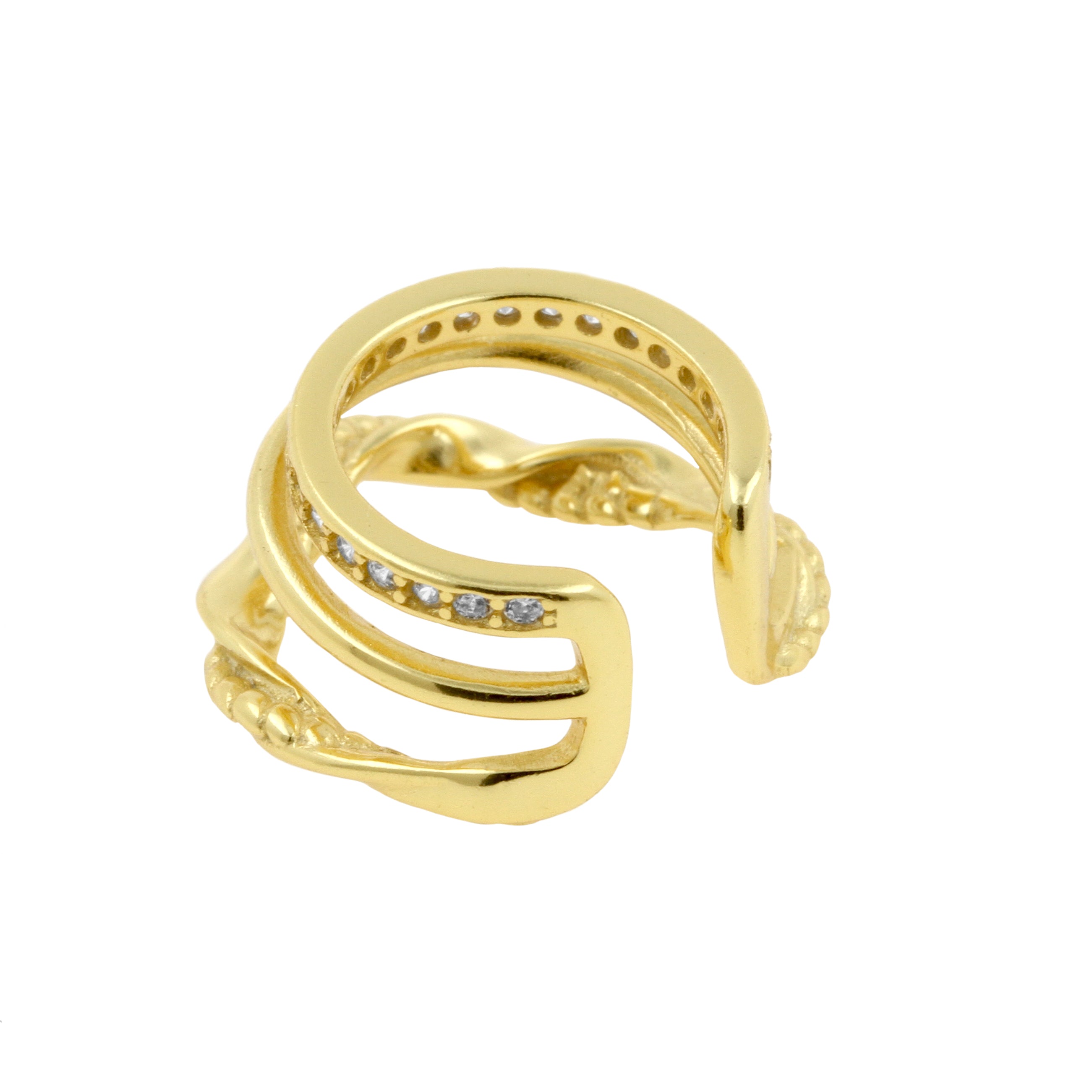 925 Silver Ear Cuff - Grunge Loop - Gold
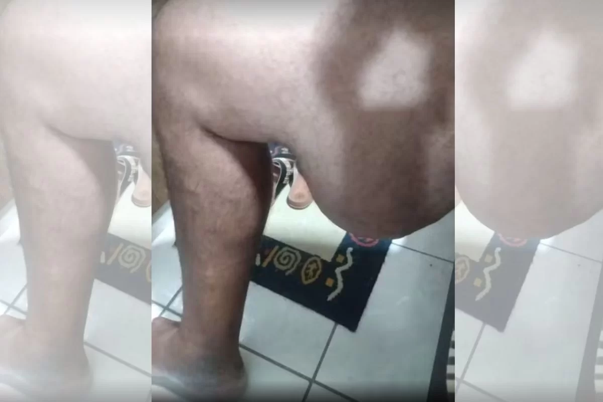 O autônomo Luciano Ferreira de Souza, 42, luta há anos para retirar um tumor benigno de sua perna. O lipoma, que começou do tamanho de uma uva, hoje já é considerado gigante — o paciente diz que o caroço tem o tamanho de uma manga.
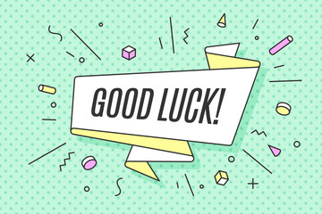 Ribbon banner with text Good Luck for emotion, blame and curiosity. Retro hand drawn design element for banner, advertising, poster in web and internet theme, memphis style. Vector Illustration
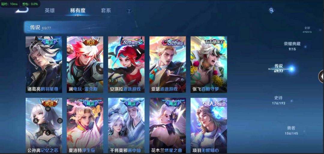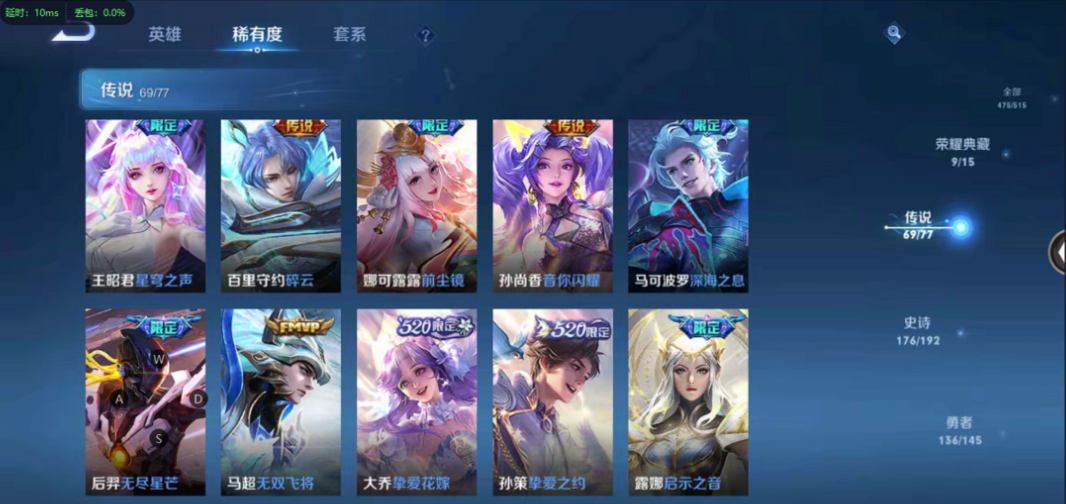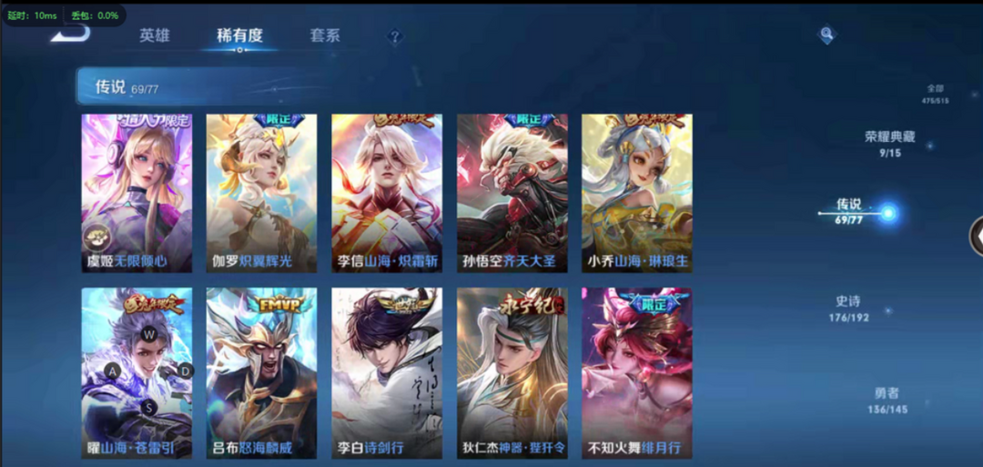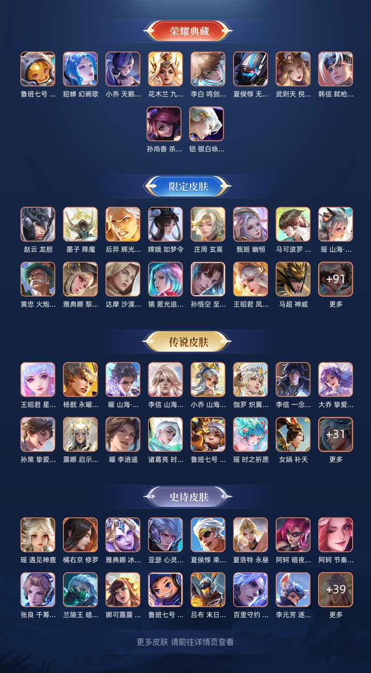 本游戏账号: V10用户,基础段位:永恒钻石II,英雄多,皮肤多。典藏皮肤9个,感受典藏皮肤带来的优质体验快感,FMVP皮肤7个,尽情享受FMVP皮肤带来的主角光环, 私人所属英雄皮肤有:铠 银白咏叹调||孙尚香 杀手不太冷||鲁班七号 星空梦想||夏侯惇 无限飓风号||李白 鸣剑·曳影||武则天 倪克斯神谕||貂蝉 幻阙歌||韩信 弑枪猎影||小乔 天鹅之梦,等等
* * *
** EXERCISE **
Nothing but the lines from the one containing "Ribbon banner with" through the last line of the material may appear in the answer, transcribed exactly and with no pictures.

** ANSWER AREA **
 Ribbon banner with text Good Luck for emotion, blame and curiosity. Retro hand drawn design element for banner, advertising, poster in web and internet theme, memphis style. Vector Illustration
 本游戏账号: V10用户,基础段位:永恒钻石II,英雄多,皮肤多。典藏皮肤9个,感受典藏皮肤带来的优质体验快感,FMVP皮肤7个,尽情享受FMVP皮肤带来的主角光环, 私人所属英雄皮肤有:铠 银白咏叹调||孙尚香 杀手不太冷||鲁班七号 星空梦想||夏侯惇 无限飓风号||李白 鸣剑·曳影||武则天 倪克斯神谕||貂蝉 幻阙歌||韩信 弑枪猎影||小乔 天鹅之梦,等等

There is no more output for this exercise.